# What the exercise asks:
Starting with the line that holds "Designed with short", reproduce each line through the last one of the data, exactly as written. Pictures are not copied.

# Given information:
((

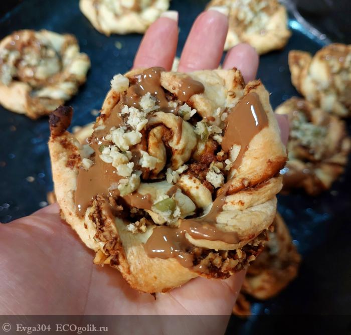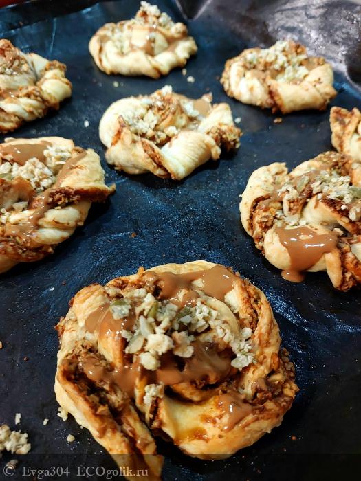 9. Выпекаем булочки в духовке, разогретой до 190ºC, около 20-25 минут, до слегка золотистой корочки. И сверху слегка поливаем шоколадной пастой.
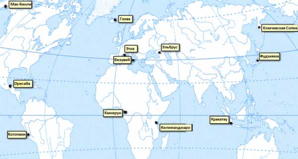Только в Тихоокеанском поясе расположено 330 действующих вулканов. Крупные вулканы находятся в Андах, на азиатских островах. В Африке самым высоким считается Килиманджаро, расположенный в Танзании. Это потенциально активный вулкан, который может пробудиться в любую минуту. Его высота составляет 5895 метров.
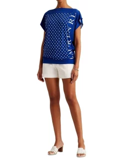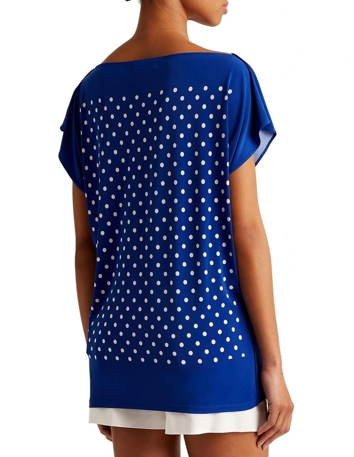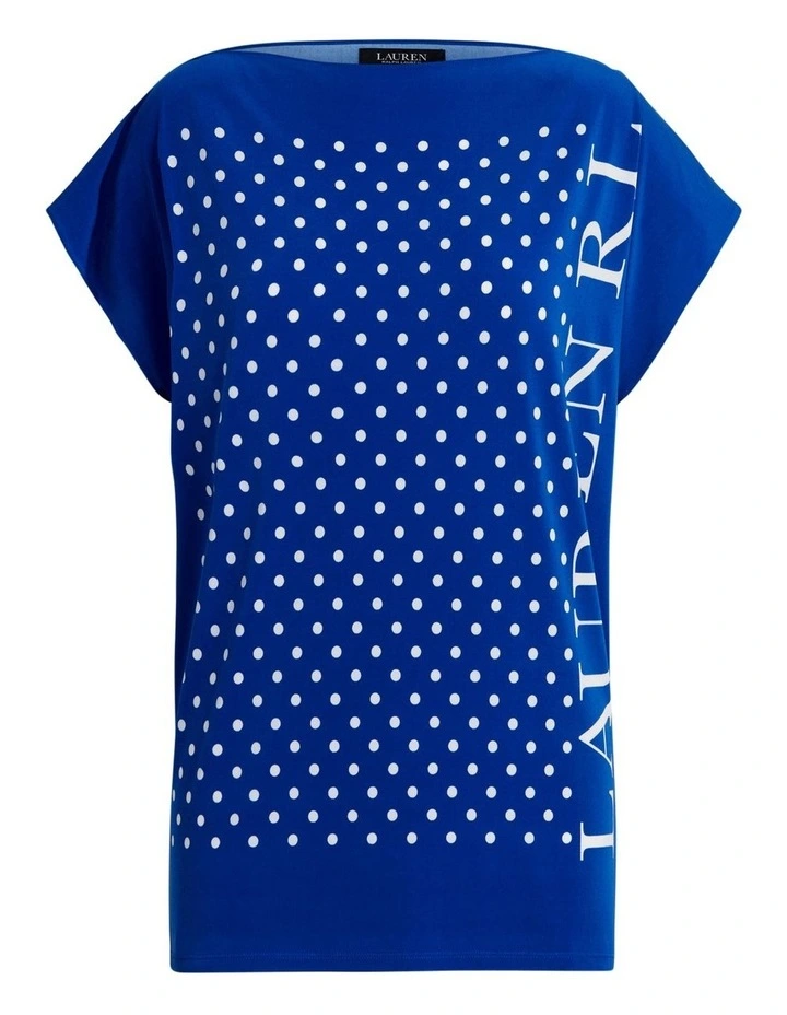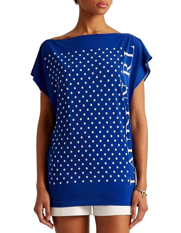 Designed with short dolman sleeves and a boatneck for a relaxed fit, this jersey top is distinguished by petite polka dots and an oversize Lauren logo down the side.
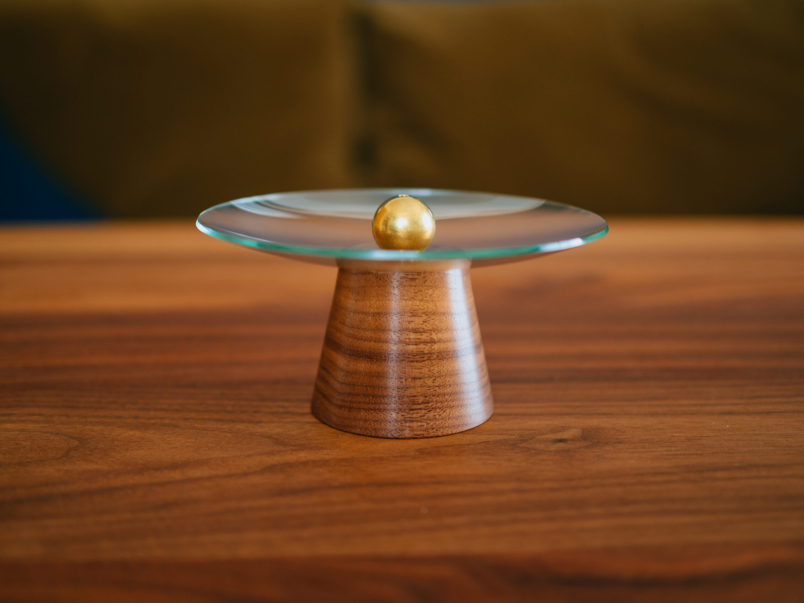 デザインに一目惚れしたのも事実ですが、よく考えられたつくりになっています。受け皿が真鍮とガラス、木部がチークとウォールナットでそれぞれの組み合わせで4種あります。

))

# Exercise output:
 Designed with short dolman sleeves and a boatneck for a relaxed fit, this jersey top is distinguished by petite polka dots and an oversize Lauren logo down the side.
 デザインに一目惚れしたのも事実ですが、よく考えられたつくりになっています。受け皿が真鍮とガラス、木部がチークとウォールナットでそれぞれの組み合わせで4種あります。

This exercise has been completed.